En julio de 1929, una encantadora nota del diario La Nueva Prensa recordaba cómo habían sido en San José las primeras proyecciones de cine: “Fue en el año 1895 cuando por primera vez, en el mes de julio, vino al antiguo Teatro de Variedades el primer aparato cinematográfico, anunciado en cartelones y programas con el nombre de “Cine Lumière”.
“El viejo teatro, (…) se llenaba de gentes de todas las condiciones sociales para admirar el maravilloso invento que hacía reflejar en una manta blanca las figuras humanas, manta que debía de humedecerse anticipadamente para obtener una mejor proyección. Era un aparato defectuoso, manejado con un manubrio, alimentado en su luz por un aparato de acetileno.
“Antes de dar comienzo a la función, un empleado incomodaba al público bajando las mechas de las lámparas de canfín que hacían la iluminación del teatro. Las vistas eran pequeñas representaciones del natural (…), y estas no duraban más de diez minutos.

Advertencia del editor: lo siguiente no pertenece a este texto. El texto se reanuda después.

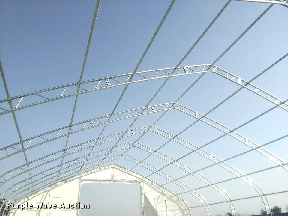 Purple Wave is selling a used Building Materials in Kansas. This item is a 40' x 80' x 23' double truss storage building with the following: 18'W x 16'H drive through doors, Base plates with mounting pegs, Double truss frame design, Galvanized finish, Steel frame, Roll up mechanical doors on both ends, Ratchet strap for drum tight fit, Anchoring system, 26.5 0z PVC fabric backed fabric, Instructions included, Unused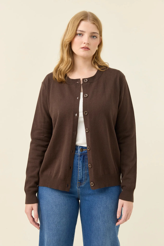 A lightweight cotton-blend knit cardigan with a soft, easy drape. The button-down front keeps the look simple and versatile, while ribbing at the hip and sleeves adds gentle structure to the silhouette.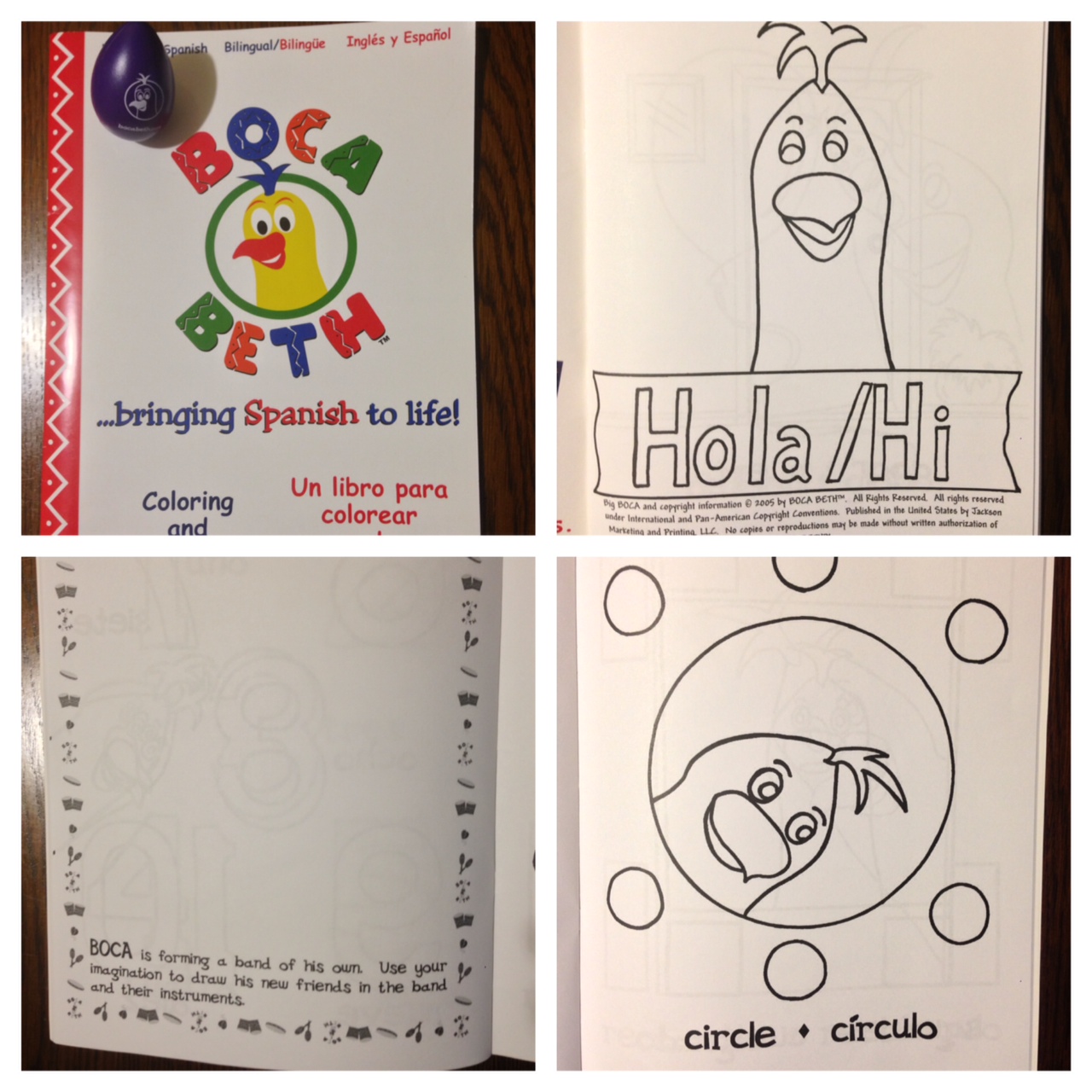 There was a coloring/activity book included in the kit which my daughter quickly claimed. It features Boca the puppet introducing different pictures and the words are written on the bottom of the page in both English and Spanish. I have been making copies of the pages because my daughter really wants to color them but I plan to use this book with my children when they are a little older and are beginning to read. There are many great games and interactive activities available on the website that I have been using with my children. My daughter’s favorite is Help BOCA Build His House/Casa.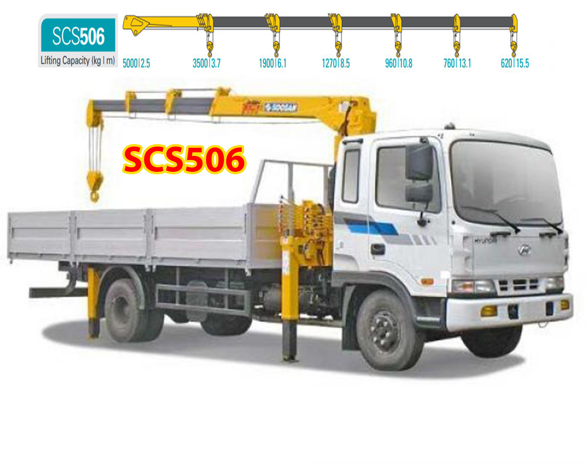 THÔNG SỐ KĨ THUẬT ĐƠN VỊ SCS506 TÍNH NĂNG Sức năng cho phép kg 5000 Mô men nâng tối đa kg.m 13900 Chiều cao nâng tối đa m 17,7 Bán kính làm việc m 15,5 Chiều cao làm việc m 18,5 Công suất nâng/ Tầm với kg/ m 5000/ 2,5 3500/ 3,7 1900/ 6,1 1270/ 8,5 960/ 10,8 760/ 13,1 620/ 15,5 CƠ CẤU CẦN Loại/ Số đốt Hexa/ 6 Tốc độ duỗi cần m/s 11, 8/ 22 Tốc độ nâng cần Độ/s 1-80/ 11 CƠ CẤU...

El público se daba por satisfecho de las representaciones y aplaudía entusiasmado las pequeñas vistas que se proyectaban”.
Los padres del cine
A pesar de lo evocador de su texto se equivocaba el gacetillero, pues en realidad el cinematógrafo había sido estrenado, apenas, el 28 de diciembre de 1895, en el conocido Salón Indio del Gran Café de París; donde se proyectaron, entre otras, las célebres vistas o filmaciones cortas Salida de la fábrica Lumière y la Llegada de un tren a la estación de la Ciotat.
Sus creadores, los hermanos Auguste (1862-1954) y Louis Lumière (1864-1948), habían patentado su invento hacía sólo unos meses; y esa patente era la culminación de una verdadera carrera que se había desatado entre inventores a ambos lados del Atlántico.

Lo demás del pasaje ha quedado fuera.